私は懐に忍ばせておいた特性唐辛子スプレーを取り出し、サナギンの顔に吹きかける。
予想だにしなかった攻撃をくらい悶絶する彼はウンスから手を離すが、勢いがよかったのか彼女はふらついてそのまま天門に吸い込まれ、瞬く間に姿を消した。
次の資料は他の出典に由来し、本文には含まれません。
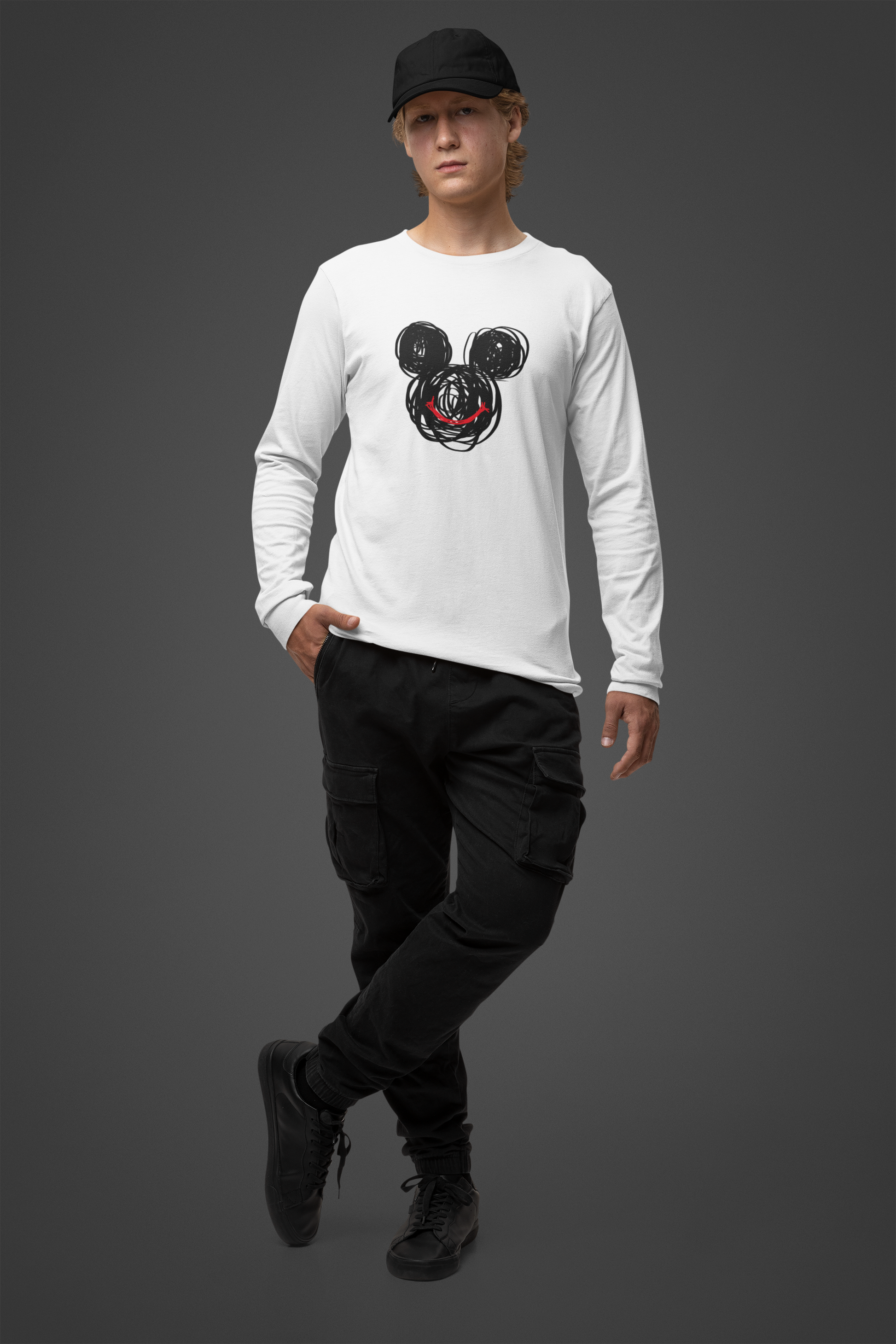 This isn't just a t-shirt; it's a canvas. Crafted from premium, soft-touch white cotton, this long-sleeve tee serves as the backdrop for a powerful piece of modern art. The back features a chaotic yet captivating scribble-style graphic that reimagines a timeless character with the raw energy of street art. A jagged, graffiti-style crown in bold red sits atop the icon, while the word "SMILE" is artfully obscured, suggesting a deeper meaning. Finished with the #ASQR tag, this piece is a statement of individuality and a tribute to the iconoclasts. Wear your art.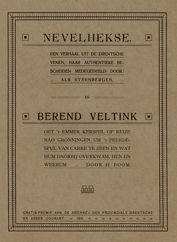 Tegen den aovend—onze knecht was nao 't dorp om deur Loeks, de smid, een koeze te laoten trekken, Margien lag met de rooze onder een bovenbedde op een onderbedde, en onze Berend was in de schoele bij 't rederiekeren um de keersen te snuten—zee Jaaije tegen mij, net toe 'k veur de tweede keer nao Willem Snikking oet praoten wol, die as dragonder te Deventer is een peerdespul hadde zeen—ie mossen te hoes blieven, want ik hebbe met oe 't een en ander te verhakstukken.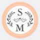 Pegatina Redonda Elegante Boda Moderno Monograma Peach Trendy Favor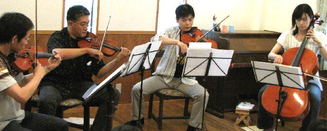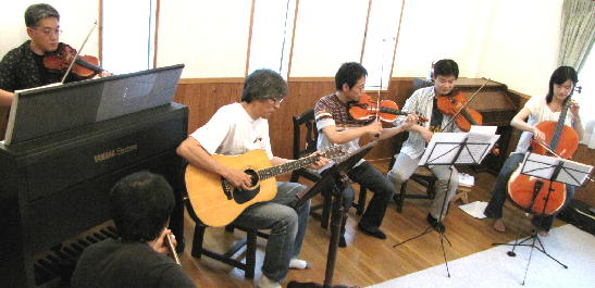 バイオリン2、ビオラ1、チェロ1、アコースティックギター1、アコースティックベース1。夢の共演なのだ。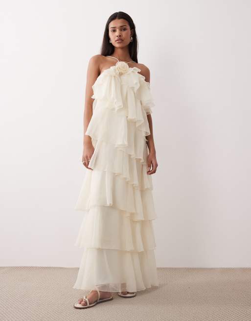Gina Tricot – Gräddvit maxiklänning med volang
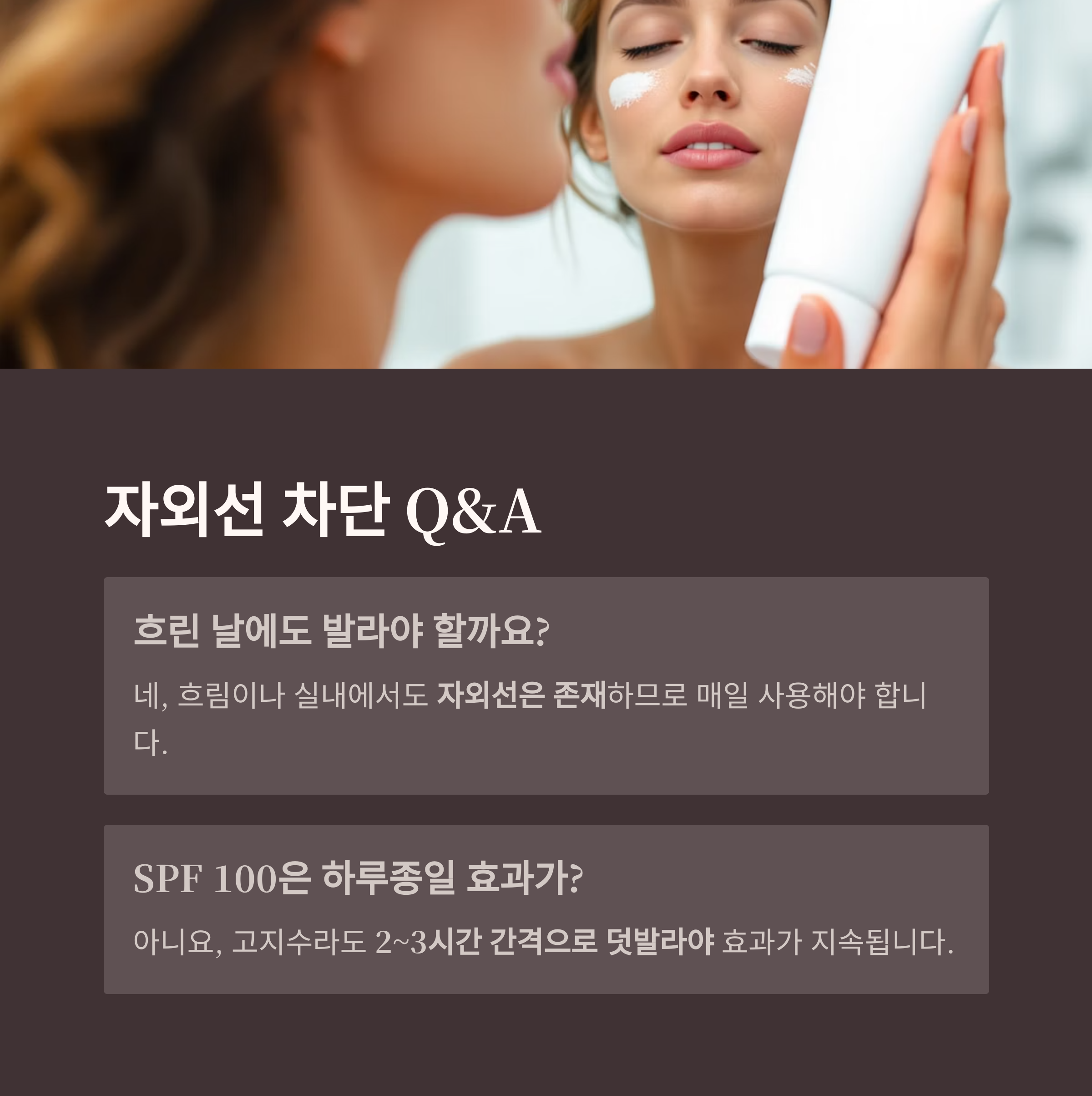 A: 흐림이나 실내에서도 자외선은 존재하므로 매일 사용해야 합니다.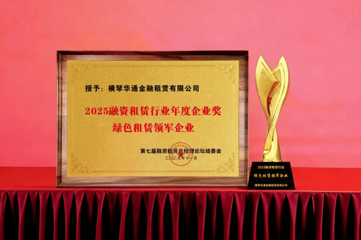 横琴华通金融租赁有限公司凭借卓越的经营业绩、突出的行业贡献和鲜明的专业特色,荣获“2025融资租赁行业年度企业奖——绿色租赁领军企业”。公司坚持“服务实体,创造价值”,聚焦城市民生、清洁能源、医疗大健康、工程装备、先进制造业务,专注核心盈利能力建设,优化收入结构,积极践行普惠金融,彰显企业担当。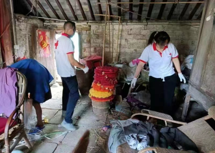 6月18日,高港区红十字养老照护志愿服务队到98岁独居老人胡济孝家中走访,看到凌乱不堪的生活环境,就承诺老人近期来帮助做一次卫生清理。27日上午,6名志愿者带着工具来到老人家中,有的帮助清理杂草,有的帮助搬运杂物,有的帮助修理纱门,老人激动得说:没想到你们真来了,谢谢好心人!看着收拾好的屋子,志愿者露出会心的笑容,纷纷表示要将结对帮扶老人的活动持续开展下去,根据老人的需要,制定服务清单,落实专人负责,陪着老人安度晚年!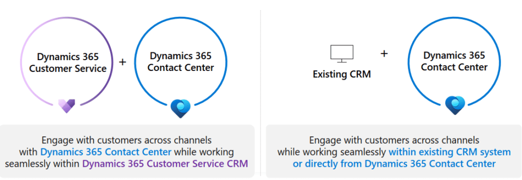 Prior to the June 2024 announcement, the only option for voice channel within Dynamics was within the Customer Service product: a full-blown CRM platform, with a focus on managing customer interactions and cases end to end. The addition of voice channel was great for existing Dynamics 365 Customer Service customers that wanted to expand on omnichannel capabilities and add voice, or for greenfield deployments where Dynamics 365 Customer Service made sense. But what about organisations that were using something else for CRM and case management? Perhaps they were using something else already (Salesforce or Service Now for example)? That’s what the 2024 announcement was all about: the release of Dynamics 365 Contact Center which would allow for deployment alongside an existing CRM platform – opening up a greater number of deployment scenarios and opportunities – a standalone contact centre solution:
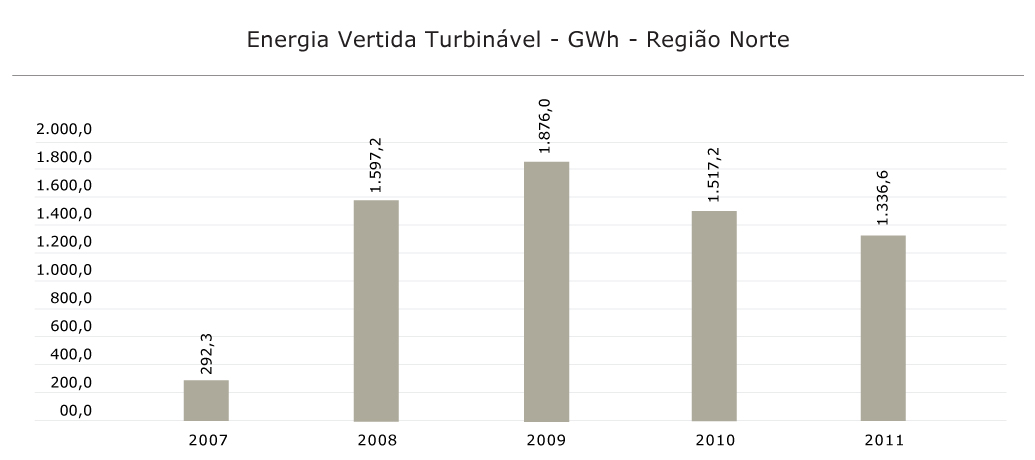 > Evolução dos Recursos Hidroenergéticos > Energia Vertida Turbinável - GWh > Região Norte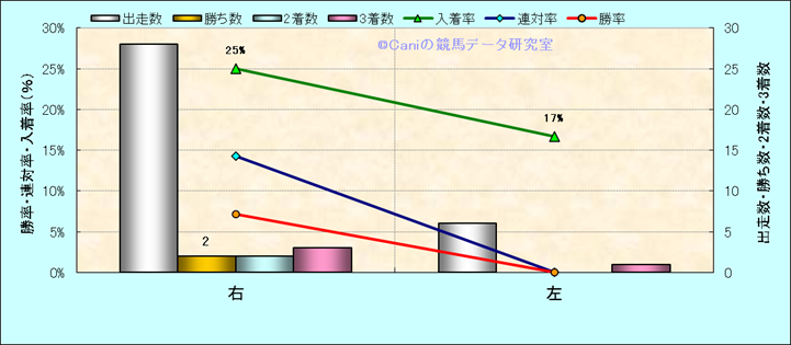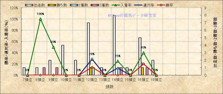 コース、最後の直線の高低差別成績(平地) |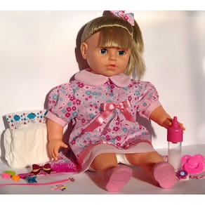 Boneca Bebê reborn, com olho móvel e fala frases. Ela tem 20 acessórios. Melhor custo benefício!!!! Essa linda bebe é super fofa, e grande, como Bebe reborn. Ela mede 50cm altura, tem lindos cabelos loiros, com laço que você pode tirar, tem um par de sapatos rosa e o mais incrível é que você coloca ela pra dormir e ela fecha os olhos de verdade.Ela também fala frases e assim consegue deixar a brincadeira ainda mais realista.Possui vários acessórios, são esses:- Mamadeira mágica, que você vira e o leitinho some,- Chupeta rosa,- Prendedor de chupeta cor rosa, - 1 presilhas de laço, - 1 laço de cabelo,- 3 elástico de cabelo- 6 elástico de silicone- 2 mini piranha , - 1 mecha de cabelo pink, que pode colocar nela , ou em você,- 1 Escova de cabelo pink,- Par de sapatos rosa,- Mecanismo de voz.Você ainda vai ganhar de presente da ED1 Brinquedos, uma linda FRALDA excluisiva de Boneca reborn, pra colocar nela. Tudo que precisa para cuidar de um bebê, tem nela.A ED1brinquedos é uma empresa especializada em fabricação e distribuição de brinquedos, estamos no ramo satisfazendo os clientes com produtos de alta qualidade, atendimento (suporte ao cliente) e agilidade em suas entregas (postagem em 24hrs)Satisfação Garantida!Aa cores da roupa, sapatos, laços, podem variar.Dados do produto:Peso aprox. 1. gMembros da boneca em vinil macio e corpo em tecido com enchimento de fibra siliconada.Boneca estilizada por ED1 BrinquedosIdade mínima recomendada: 3 anos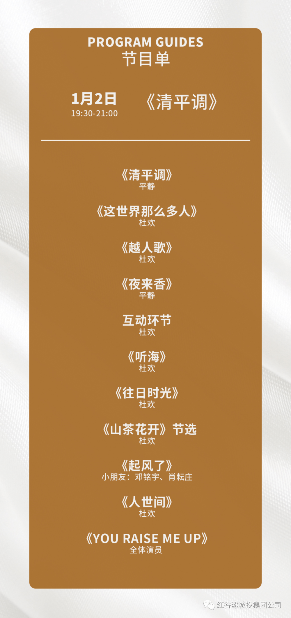 注:节目单仅作参考,讲演会具体节目以现场实际演出节目为准
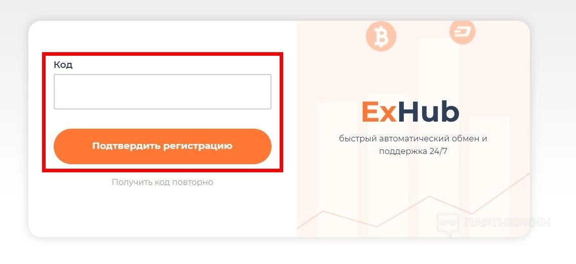 ExHub.io. После успешного подтверждения кода вы получите доступ к личному кабинету.
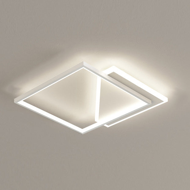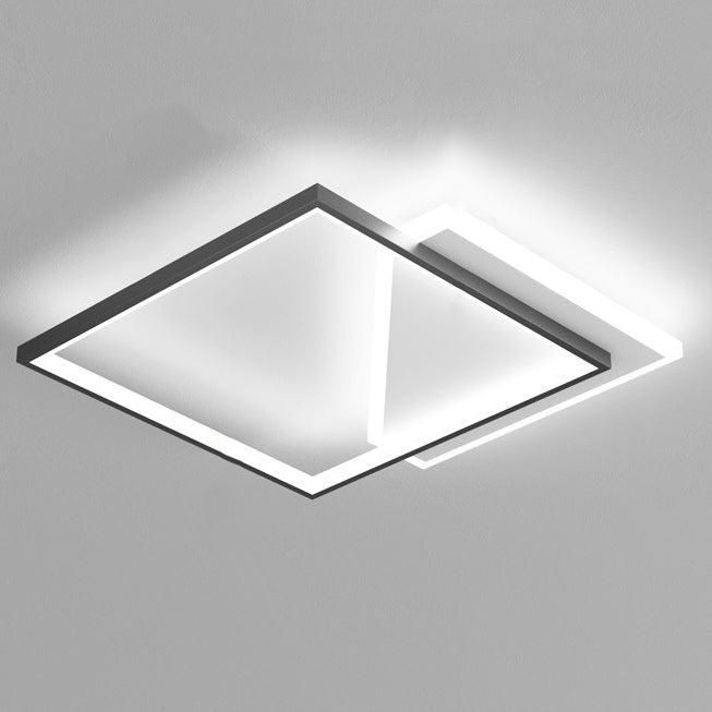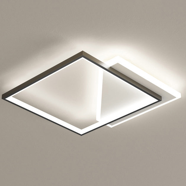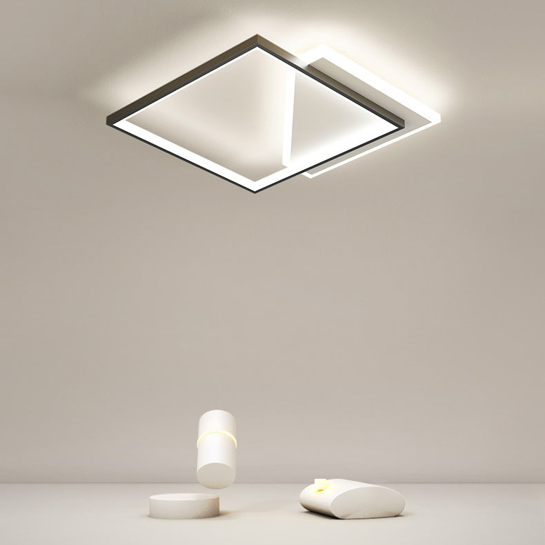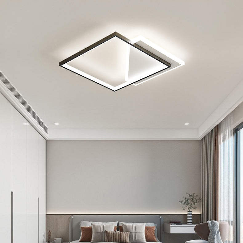 Modern Minimalist Iron Acrylic Hollowed Square Geometrical LED Flush Mount Ceiling Light For Bedroom

ウンスを引き込んだ天門は、落ち葉を巻き上げながらまだ開いたまま。
彼女の消える様子を目の当たりにした徳成府院君やサナギン、火手引と千音子は残った私に視線を向けた。

「て、天仙よ…共に…」

過剰な氷功を使用した府院君の身体は、限界を迎えている。
その時、彼の身体を貫く剣先。

何が起きたのかわからず己の胸から生えた剣を見て、ゆっくりと背後に視線を移す府院君。

背後に立つチェ・ヨンが、剣を更に深く挿し込む。

切れた瞼から血が流れ視界を奪うものの、眼球は無事の様子。


「おいおい」

サナギンは、まだ両目が完全に開いていない彼に殴り掛かり府院君から彼を離す。
よろめく府院君を支えようと火手引が触れるも氷功の力が上回っており、凍傷を負った彼女は手を離さざるを得ない。
千音子は刺さっている剣を抜いて、二人を心配する。
徳成府院君の命令で人を殺めることを躊躇いだしたが、矢張りきょうだいの絆は簡単には捨てられないらしい。彼らは最後まで舎兄の側にいるようだ。

「天界へ、……連れて、行け」

もう身体は凍っている。刺された痛みもないだろう。
しかし天界へ渡りたいという欲だけで、徳成府院君は私に手を伸ばす。
拒否されるのを分かっているし憐れんだ心がそうさせたのか、私は府院君の手を握った。

「冷たい」
「お、おお。天仙よ」

吸引が増した天門に近付くと私の身体はその渦に巻き込まれていくが、徳成府院君は弾かれてしまう。
そして彼は完全に凍って動かなくなった。
離れた手を見ると手の平は赤くただれている。

「ソラ!!」

愛しい人の声に顔を上げると、渦に飲まれながらも向こうの景色が見えた。
サナギンにやられたのか、チェ・ヨンは足を引きずりながらも手を伸ばしてくる。

「ヨン!」
「ソラ!」


「また、ね…」

光に飲まれながら手を振り続けた。